Merciful? Consider just this: the number of civilians killed at Hiroshima and Nagasaki alone was more than twice the number of American troops killed during the entire Pacific war.

In the end, the Smithsonian displayed little but the Enola Gay itself, a gleaming relic of American victory in the “Good War.”

Our Unbroken Faith in the Greatest Generation

In the two decades since, we haven’t come closer to a genuine public examination of history’s only nuclear attack or to finding any major fault with how we waged what Studs Terkel famously dubbed “the Good War.” He used that term as the title for his classic 1984 oral history of World War II and included those quotation marks quite purposely to highlight the irony of such thinking about a war in which an estimated 60 million people died. In the years since, the term has become an American cliché, but the quotation marks have disappeared along with any hint of skepticism about our motives and conduct in those years.

Admittedly, when it comes to the launching of nuclear war (if not the firebombings that destroyed 67 Japanese cities and continued for five days after “Fat Man” was dropped on Nagasaki), there is some evidence of a more critical cast of mind in this country. Recent polls, for instance, show that “only” 56% of Americans now think we were right to use nuclear weapons against Japan, down a few points since the 1990s, while support among Americans under the age of 30 has finally fallen below 50%. You might also note that just after World War II, 85% of Americans supported the bombings.

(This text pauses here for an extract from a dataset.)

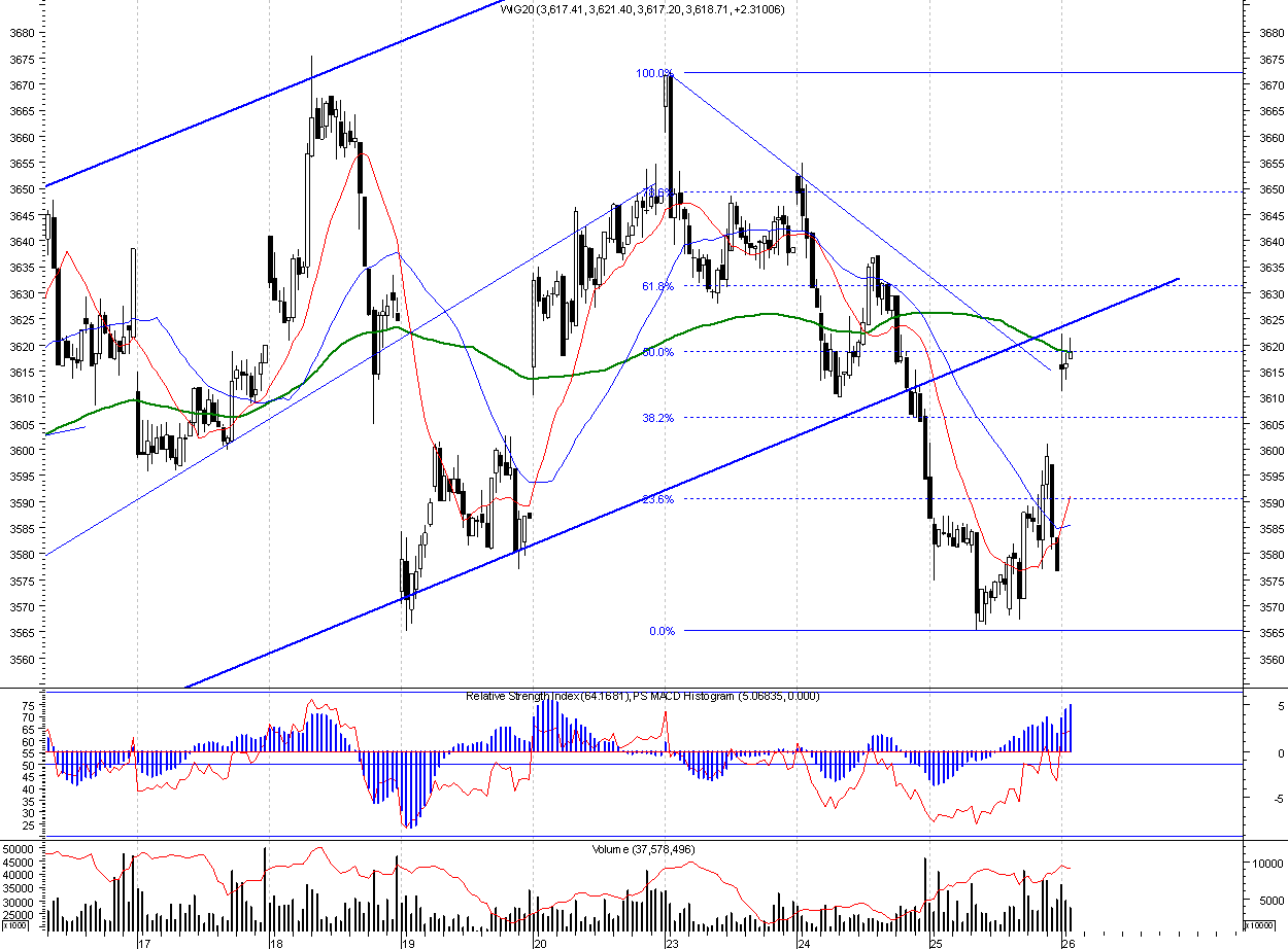 WyjÂcie z kana?u do?em sta?o siŕ faktem. Pierwsza linia obrony zosta?a utrzymana i mo?liwy jest jeszcze powrˇt na szczyt, ale spadek przy obrocie ponad 1,1 mld przy tak dobrych nastrojach na Âwiecie jest bardzo powa?nym ostrze?eniem dla inwestycji w Ârednim terminie.

Of course, such pro-bomb attitudes were hardly surprising in 1945, especially given the relief and joy at the war’s victorious ending and the anti-Japanese sentiment of that moment. Far more surprising: by 1946, millions of Americans were immersed in John Hersey’s best-selling book Hiroshima, a moving report from ground zero that explored the atomic bomb’s impact through the experiences of six Japanese survivors. It began with these gripping lines:

“At exactly fifteen minutes past eight in the morning, on August 6, 1945, Japanese time, at the moment when the atomic bomb flashed above Hiroshima, Miss Toshiko Sasaki, a clerk in the personnel department of the East Asia Tin Works, had just sat down at her place in the plant office and was turning her head to speak to the girl at the next desk.”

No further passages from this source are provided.